Durant le combat nous étions arrivé dans un hangar qui dominait la falaise. Ce qui m’étonna c’était que le lieu était complètement désert. Comment se faisait-il qu’aucun soldat de la garde Naboo ne fût encore intervenu ? Palpatine ! Forcement ! Il avait du intervenir pour ordonner à la garde de ne pas s’en mêler. Et je parie qu’il avait même expliqué qu’il s’agissait d’une affaire de Jedi.
Mais pour l’instant nous devions trouver une solution et mettre un terme à ce combat. Et cela n’allait pas être une mince affaire. Je sentais nos forces décliner. Nous manquions cruellement d’endurance. Je sentais l’affaire mal engagée, surtout quand la porte blindée donnant sur le hall des faisceaux d’énergie s’ouvrit.
Nous sentîmes deux présences arriver. Ah ! Enfin ! Ce n’était pas trop tôt ! Mais ils étaient loin. Bien trop loin pour nous aider d’avantage. Et la porte se referma. Maul tourbillonna sur lui-même, les basques de sa veste volant autour de lui. La pointe de son sabre détruisit le boîtier de commande de verrouillage. Nous étions à nouveau isolées, ne pouvant compter que sur nous même pour affronter le fauve.

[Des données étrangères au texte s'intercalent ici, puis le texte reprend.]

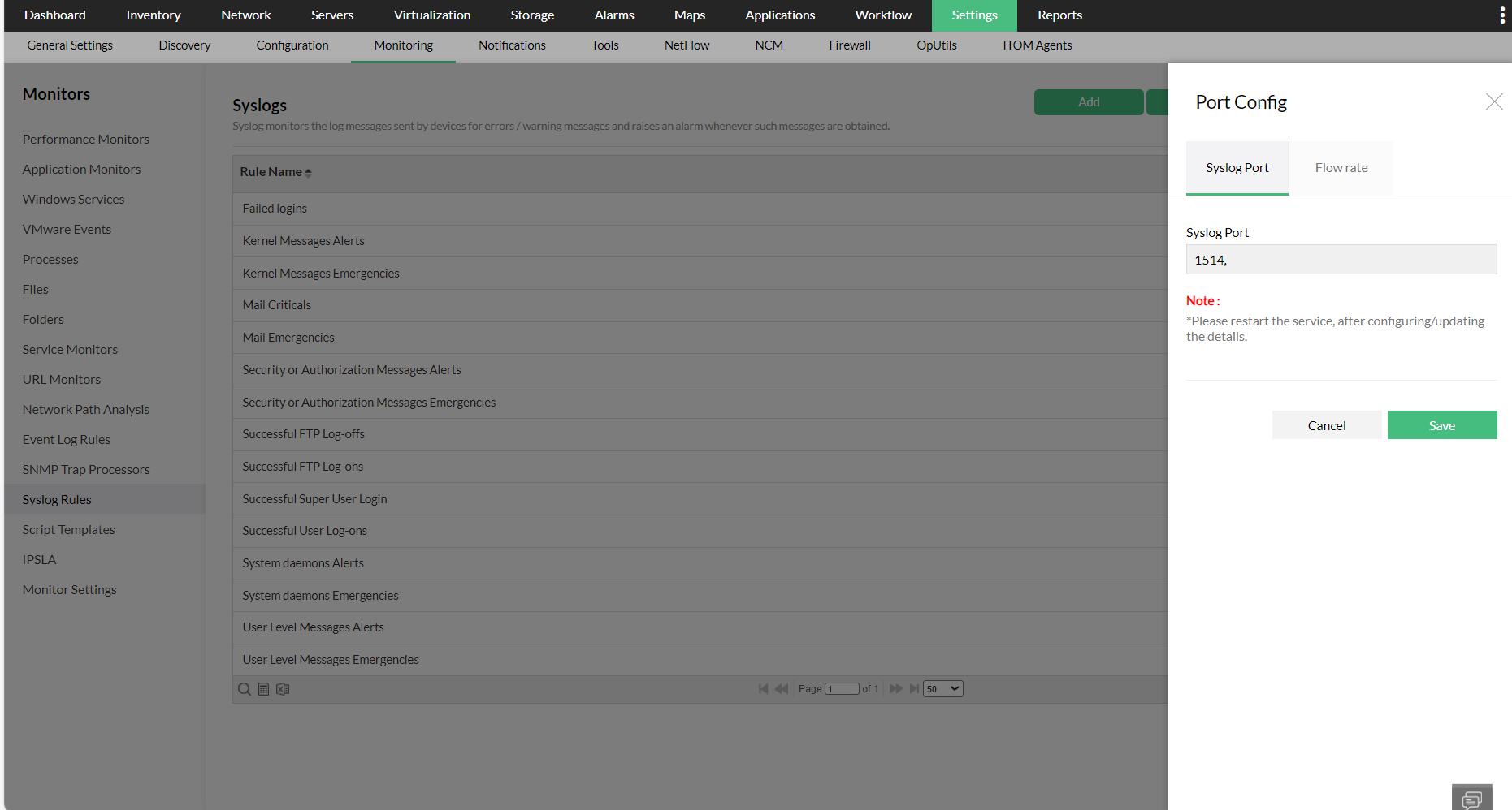 要了解如何在OpManager中添加系统日志规则,请单击此处。
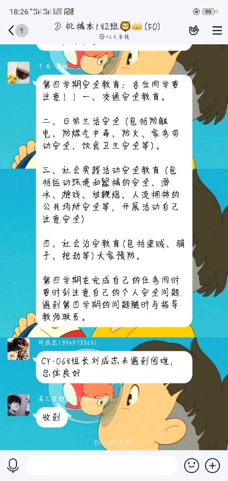 1月10日这天机械本182班开了第四学期第一次网络班会,班会的主要内容是王虹老师对大家进行第四学期安全教育,希望各位同学要注意!一、交通安全教育。二、日常生活安全 (包括防触电、防煤气中毒、防火、家务劳动安全、饮食卫生安全等)。三、社会实践活动安全教育 (包括运动环境和器械的安全、滑冰、游戏、放鞭炮、人流拥挤的公共场所安全等,开展活动自己注意安全)四、社会治安教育(包括盗贼、骗子、抢劫等)大家预防。

Le spectacle de ces rayons de lumière qui semblaient monter de nulle part vers l’infini était incroyable. Et je sentis le cœur de Kiara s’emballer. Plus que moi, elle avait les images en tête du duel qui aurait du avoir lieu dans neuf ans.
« _Ne te laisse pas impressionner. Reste concentrée. » La suppliais-je. « Ne te laisse pas dominer par tes sentiments. Reste avec moi. »
Elle se reprit. Mais ce ne fut pas suffisant pour tenir d’avantage tête au Zabrak. Nous combattions maintenant sur l’espace exigu des passerelles où nous avions vu Qui-Gon et Obi-Wan combattre le même adversaire. Maul frappa alors ma sœur d’un revers de poing dans la figure. Kiara tituba sur quelques pas. Et avant que j’aie pu le distraire, il l’avait envoyée voler sur la passerelle du dessous. Son corps s’écrasa lourdement. Mais Maul ne me laissa aucun répit. Il fallait s’y attendre.
Ce que tu sais peut te sauver. Ce que tu sais peut te sauver.
Mace avait suffisamment confiance en mes capacités pour avoir décidé de me convaincre d’apprendre le Vaapad. Je ne devais pas douter. Mace était un maître que je respectais entre tous. Nul n’était plus fort que lui au sabre. S’il estimait que j’étais prête, je ne devais pas me laisser impressionner par Maul. J’étais à la hauteur. Il suffisait que j’y croie.